Gonzalo/PIC: noticed during weekend failure with dcap access to local storage (load balancing config). Daniele confirms that CMS has seen this problem as well.

Fabio/IN2P3: cms reprocessing test w/o prestaging (need to to take into account that test was done without competition).

Angela/FZK: Tomorrow conditions DB for ATLAS and LHCb as well as CMS squid servers will be down (was there an announcement before? Re: Announced to local VO representatives on Monday - sent broadcast on Tuesday). Sporadic problems with CPU calculation for the information system - not yet understood. Also don’t understand reason for low efficiency periods, but suspect data access problems.

Eva/CERN: OS problems with RH5 for DB clusters understood - migration of integration and preproduction DB clusters can now take place, The problem with failing ATLAS apply processes at T1 sites is now understood. ATLAS has fixed their population scripts.

AOB:

Roberto - some degradation shown in SAM due to sensor problems (run out of disk quota), not due to service problems.

Gareth: clarification for RAL scheduled down time (via email): Wednesday 17th June - start WMS drain; Saturday 20th June start drain of CEs. Thursday 25th June: Stop all remaining services. Some key services will be restored that day, others on Friday 26th. Monday 6th July: Castor and batch system restart. Full details at: http://www.gridpp.rl.ac.uk/blog/2009/05/14/schedulemovenewbuilding/

MariaDZ: How to protect against twiki outage / data loss? To be followed up in CERN service meetings.

Wednesday

Attendance: local(Jamie, Julia, Gang, Harry, Antonio, Jean-Phillipe , Nick ,MariaDZ, Diana, Olof, Dirk);remote(John/RAL, Michael/BNL, Daniele/CMS, Angela/FZK, Fabio/IN2P3,).

Experiments round table:

ATLAS - (Simone) No issues to report.

CMS reports - (Daniele) CMS has declared their STEP activities over as of yesterday. Few T2 and T0 tests still ongoing but outside STEP. CMS is open to proposals for multi-VO tests.

ALICE - report will be added later today (Patricia). Both CREAM-CE are CERN are performing badly at submission time. more details included in the corresponding GGUS ticket: 49553 submitted this morning.

LHCb reports - report on the LHCb twiki linked.

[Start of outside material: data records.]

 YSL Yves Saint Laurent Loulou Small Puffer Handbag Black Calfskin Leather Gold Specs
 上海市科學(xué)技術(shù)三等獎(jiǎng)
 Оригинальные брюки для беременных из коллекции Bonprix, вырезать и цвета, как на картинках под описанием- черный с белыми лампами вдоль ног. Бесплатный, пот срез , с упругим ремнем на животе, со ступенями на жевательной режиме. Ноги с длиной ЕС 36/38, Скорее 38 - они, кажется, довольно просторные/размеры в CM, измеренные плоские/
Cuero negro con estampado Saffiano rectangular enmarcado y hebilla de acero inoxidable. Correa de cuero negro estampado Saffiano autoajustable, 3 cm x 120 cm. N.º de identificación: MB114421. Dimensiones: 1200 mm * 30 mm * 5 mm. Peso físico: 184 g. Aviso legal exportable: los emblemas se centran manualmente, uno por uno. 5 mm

Sites / Services round table:

John/RAL : batch farm down from 3-8am - cause under investigation.
Michael/BNL: successful upgrade of main switch fabric yesterday - very promising improvements for multi-cast traffic. dcache upgrade to 1.9.1-8: fixes issue with disabled pools, replicate on arrival, hsm cleanup registration, fixed issue in lru garbage collection, support for pin migration. BNL will move tomorrow to OSG site integration (eg goc DB , info system) - old links to egee services will be deprecated. MariaDZ: move may create issue with contact email for notification (for automated GGUS ticket forward). Michael: has been discussed with OSG and will follow up with MariaDZ offline. Simone: info from BNL will be in OSG bdii in OSG. will this be transparent? Michael: yes, should be.

Angela/FZK: Conditions DB intervention done. transparent intervention for LFC/FTS upcoming tomorrow. It appears that the fts notification email yesterday was not sent. Nick: please file a GGUS ticket. FZK had some PNFS outage today.

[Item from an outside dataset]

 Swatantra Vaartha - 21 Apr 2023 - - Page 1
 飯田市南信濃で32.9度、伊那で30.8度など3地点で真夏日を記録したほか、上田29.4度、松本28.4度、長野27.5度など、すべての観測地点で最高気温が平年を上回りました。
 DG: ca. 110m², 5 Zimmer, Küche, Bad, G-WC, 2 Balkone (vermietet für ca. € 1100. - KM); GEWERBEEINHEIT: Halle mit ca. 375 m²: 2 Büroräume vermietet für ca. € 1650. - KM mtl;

Fabio/IN2P3: some LHCb sites appear as banned in gridmap, but are usable. being investigated with LHCb
Michel/GRIF: long shutdown from tomorrow until Mon
Gang/ASGC: problem with use of fairshare during STEP now understood. Solution will be verified after CC move next month.
Harry/CERN: a large number of local accounts (3.5k) used for WLCG will have their passwords expire soon. Will force a small subset (dteam) accounts in the next days to study the impact.
Antonio: glite 3.2 released with UI on SL5. Important change of release process: future SL5 middleware releases will bypass pre-production deployment tests. This follows the proposed EGI deployment model and should be tested now (with new services)

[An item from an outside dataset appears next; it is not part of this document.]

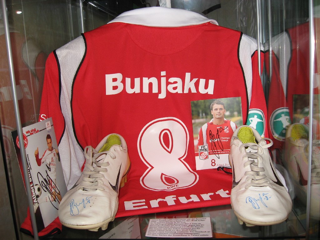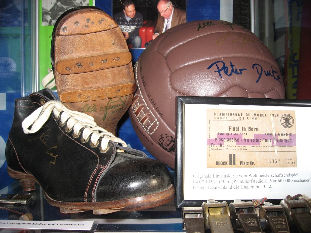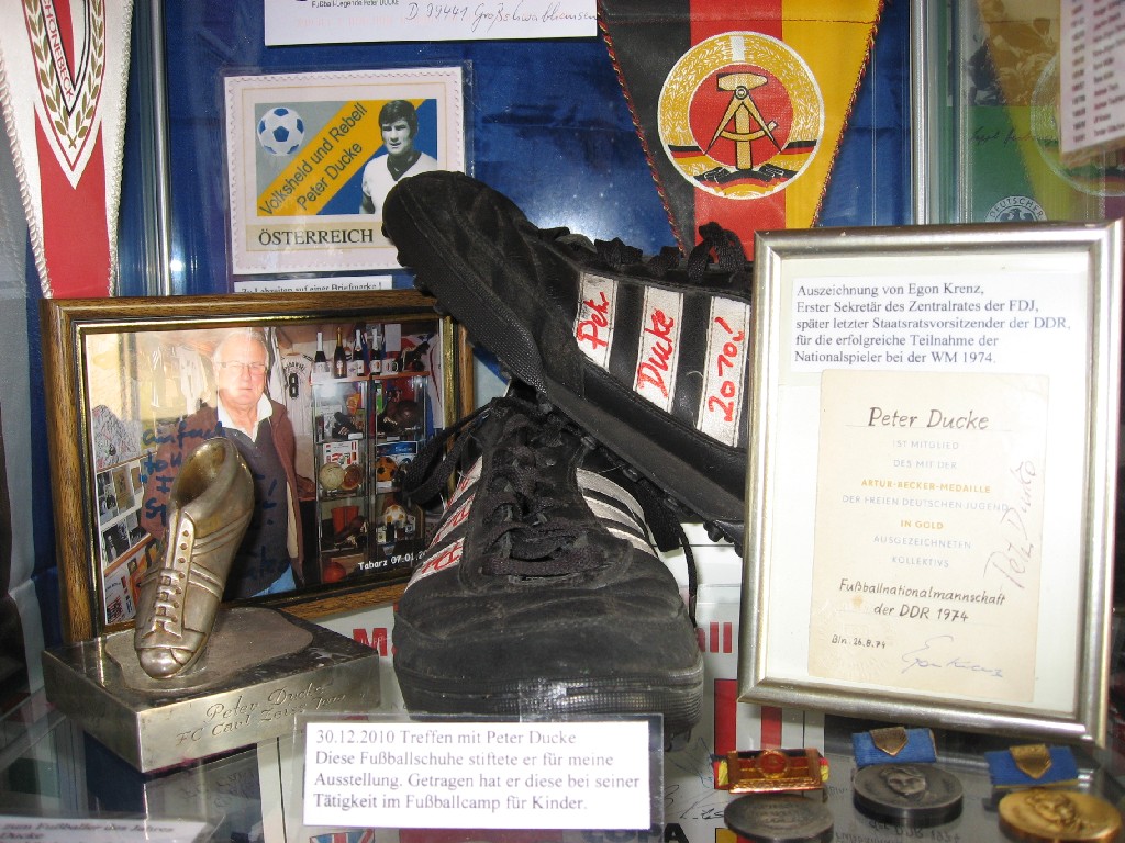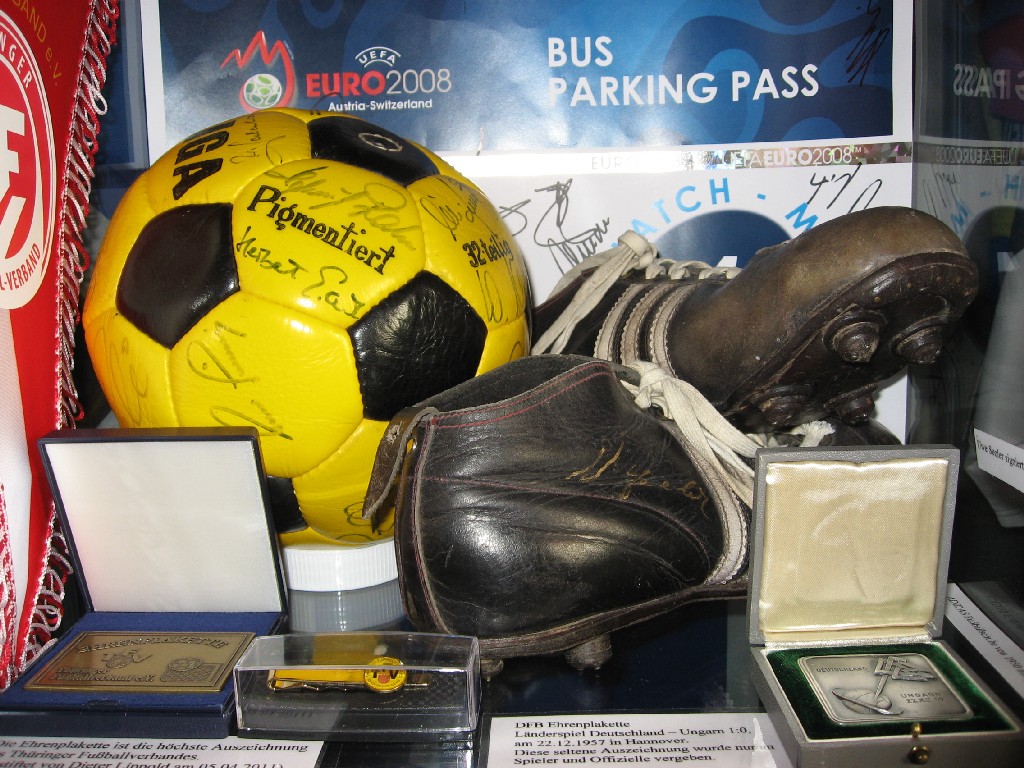 Was eine Ausstellung interessant macht, sind nicht unbedingt die Bilder an den Wänden. Es sind mehr die persönlichen Gegenstände, ehemaliger Fußballhelden. Oder orginale, geschichtsträchtige Kostbarkeiten. Ich verspreche Ihnen, davon einiges zu bieten. Peter Ducke, DDR Fußball-Legende, präsentiert zum Beispiel seine größten Auszeichnungen. Werner Treimetten, Manager von Uwe Seeler, hat aus seinem Fundus der "Uwe Seeler-Traditionsmannschaft", einige tolle Stücke abgegeben, die staunen lassen. Ein original getragenes Trikot von Jürgen Grabowski, Ulf Kirsten und eine Hose von Hansi Müller sind ebenfalls zu entdecken. Renate Kehl, die Sekretärin des Ehrenspielführers und Weltmeister von 1954 Fritz Walter, hat aus dessen Nachlass viele Gegenstände der Ausstellung geschenkt. Dem Wolfgang Hochfellner, Zeugwart und Busfahrer der deutschen Nationalmannschaft, bin ich sehr dankbar, dass ich auch aktuelle Sachen ausstellen kann. Nicht zu vergessen ist auch Silveen Pippoleit, Assistentin/Managment vom FC Rot-Weiß Erfurt. Sie übergab mir die Schuhe und das Trikot vom Schweizer Nationalspieler Albert Bunjaku, aus dessen letzter Saison in Erfurt.
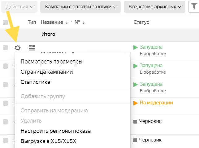 Статистика, отправка на модерацию, редактирование кампаний и работа со ставками выходят кликом на шестерёнку.

AOB: (MariaDZ) Atlas and CMS please comment on https://savannah.cern.ch/support/?107531#comment27

Thursday

Attendance: local( Gang, Steve, Harry, Ignacio, Julia, Roberto, Andreas, MariaG, Simone, MariaDZ, Diana, Olof, Tony, Dirk);remote(Michael/BNL, John/RAL, Jeremy/GridPP, Angela/FZK).

The meeting started with a report about the power cut at CERN: below in service part

Experiments round table:

ATLAS - (Simone) ATLAS experts checking services after power cut. Still no contact to some voboxes. Ignacio: voboxes restart is still ongoing. As database stayed up during the power cut, ATLAS will now check that all DB front-ends have re-connected properly to their respective DB server.

CMS reports - No report today (as Daniele already announced yesterday). Julia: CMS dashboard and backend DB are ok, Mona Lisa service went down and has restarted automatically (approximately 1/2h loss of monitoring data). MariaG: online DB was not affected but CMS server with Oracle portal went down, which affected CMS operations.

ALICE - (will be added by Patricia ). ALICE considers the end of the STEP09 exercise also for them. CREAM-CE at CERN is not performing ok in none of their nodes. Ticket 49553 has been submitted yesterday morning. For the moment there are no progress in this ticket.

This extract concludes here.